→ **Data**:
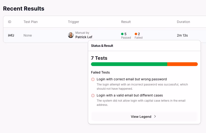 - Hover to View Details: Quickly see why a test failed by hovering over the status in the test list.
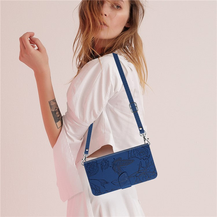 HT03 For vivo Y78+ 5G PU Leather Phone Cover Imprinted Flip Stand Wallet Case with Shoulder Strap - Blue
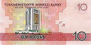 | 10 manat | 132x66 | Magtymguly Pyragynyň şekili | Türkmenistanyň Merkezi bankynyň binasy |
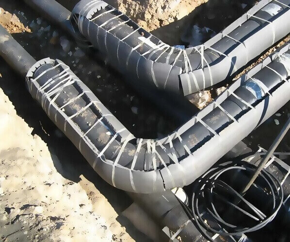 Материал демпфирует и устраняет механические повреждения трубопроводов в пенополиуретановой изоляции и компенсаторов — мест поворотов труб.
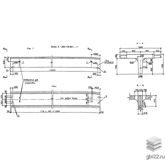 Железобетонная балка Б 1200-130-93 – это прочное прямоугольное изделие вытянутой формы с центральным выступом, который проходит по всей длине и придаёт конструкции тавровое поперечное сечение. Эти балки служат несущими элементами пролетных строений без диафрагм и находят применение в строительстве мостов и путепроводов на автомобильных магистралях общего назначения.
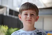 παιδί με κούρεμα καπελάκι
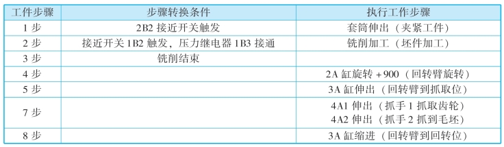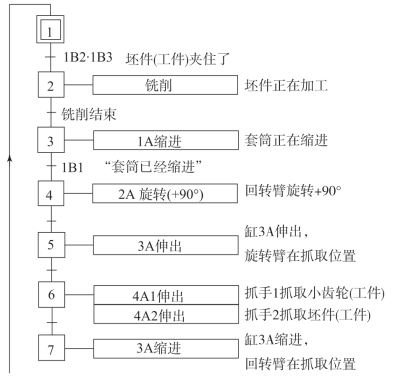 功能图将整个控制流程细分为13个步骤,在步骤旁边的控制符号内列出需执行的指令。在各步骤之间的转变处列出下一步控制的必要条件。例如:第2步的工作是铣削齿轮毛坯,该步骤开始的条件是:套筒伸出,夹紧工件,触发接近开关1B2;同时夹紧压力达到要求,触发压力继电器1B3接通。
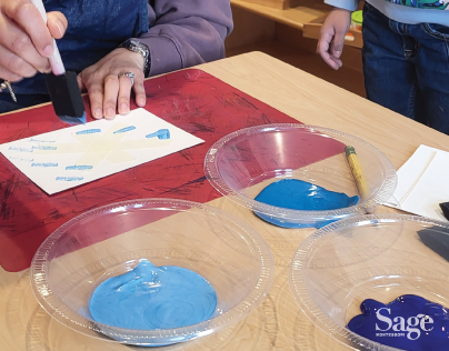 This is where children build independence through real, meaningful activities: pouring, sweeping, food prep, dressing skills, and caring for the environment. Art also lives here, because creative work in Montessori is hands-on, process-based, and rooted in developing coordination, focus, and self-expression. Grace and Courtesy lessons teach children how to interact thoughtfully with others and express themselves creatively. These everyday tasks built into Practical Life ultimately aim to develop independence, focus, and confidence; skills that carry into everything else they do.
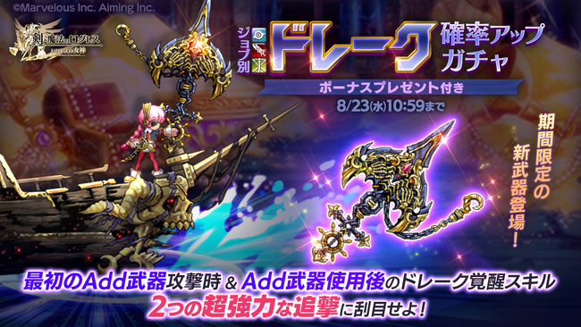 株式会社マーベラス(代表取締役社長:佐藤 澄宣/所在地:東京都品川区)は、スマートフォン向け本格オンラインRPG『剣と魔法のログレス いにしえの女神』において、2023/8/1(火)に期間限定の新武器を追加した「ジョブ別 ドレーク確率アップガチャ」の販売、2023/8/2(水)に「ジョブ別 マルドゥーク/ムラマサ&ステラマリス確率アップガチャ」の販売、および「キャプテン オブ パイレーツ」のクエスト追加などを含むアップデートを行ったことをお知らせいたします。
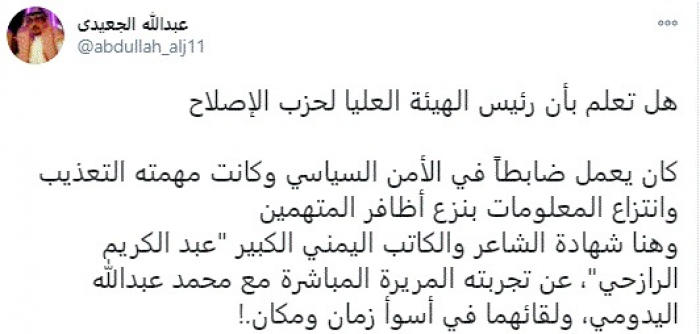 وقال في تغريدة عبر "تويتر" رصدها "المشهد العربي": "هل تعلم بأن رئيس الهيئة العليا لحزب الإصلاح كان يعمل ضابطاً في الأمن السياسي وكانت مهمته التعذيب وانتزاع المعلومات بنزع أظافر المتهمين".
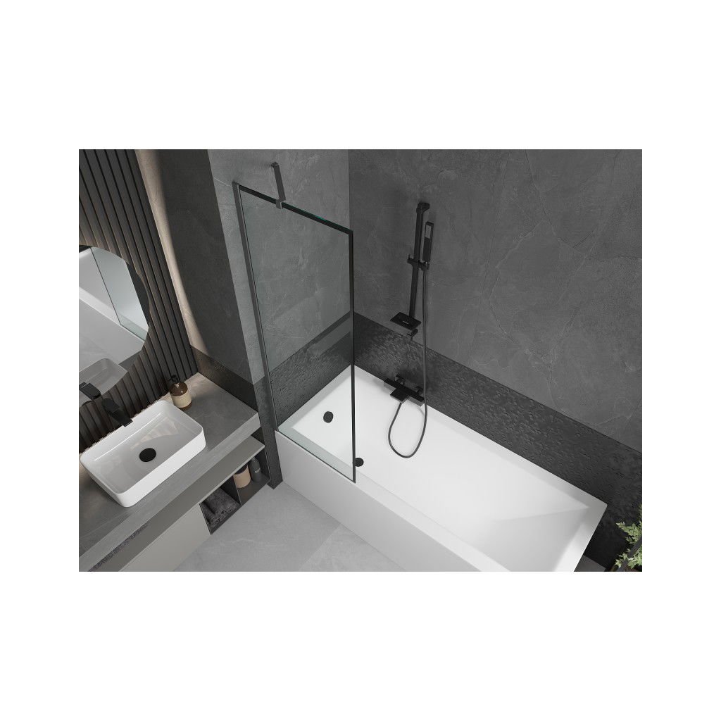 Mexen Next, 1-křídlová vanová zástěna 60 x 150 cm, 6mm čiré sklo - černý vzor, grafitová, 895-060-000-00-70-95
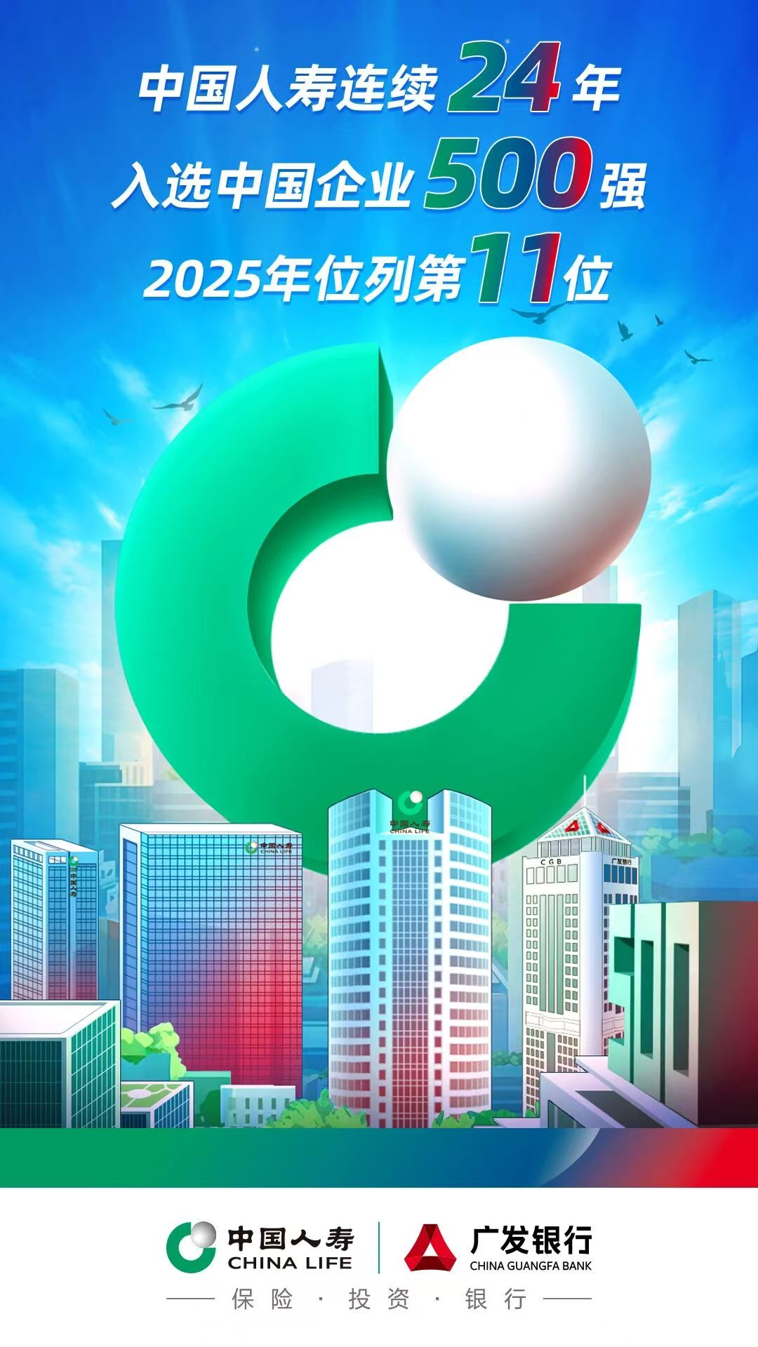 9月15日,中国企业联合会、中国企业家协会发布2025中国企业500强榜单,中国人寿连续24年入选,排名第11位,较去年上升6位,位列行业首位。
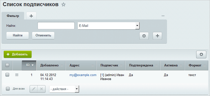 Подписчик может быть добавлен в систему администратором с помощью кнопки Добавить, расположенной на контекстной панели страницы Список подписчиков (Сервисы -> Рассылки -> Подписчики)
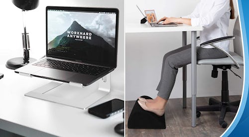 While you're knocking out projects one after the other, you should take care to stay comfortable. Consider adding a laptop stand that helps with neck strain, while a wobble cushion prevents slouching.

→ **Exercise details**:
What is needed is an exact copy of only the lines from the line containing "Подписчик может быть" through the last line of the entries, inclusive, without the pictures.

→ **Reply**:
 Подписчик может быть добавлен в систему администратором с помощью кнопки Добавить, расположенной на контекстной панели страницы Список подписчиков (Сервисы -> Рассылки -> Подписчики)
 While you're knocking out projects one after the other, you should take care to stay comfortable. Consider adding a laptop stand that helps with neck strain, while a wobble cushion prevents slouching.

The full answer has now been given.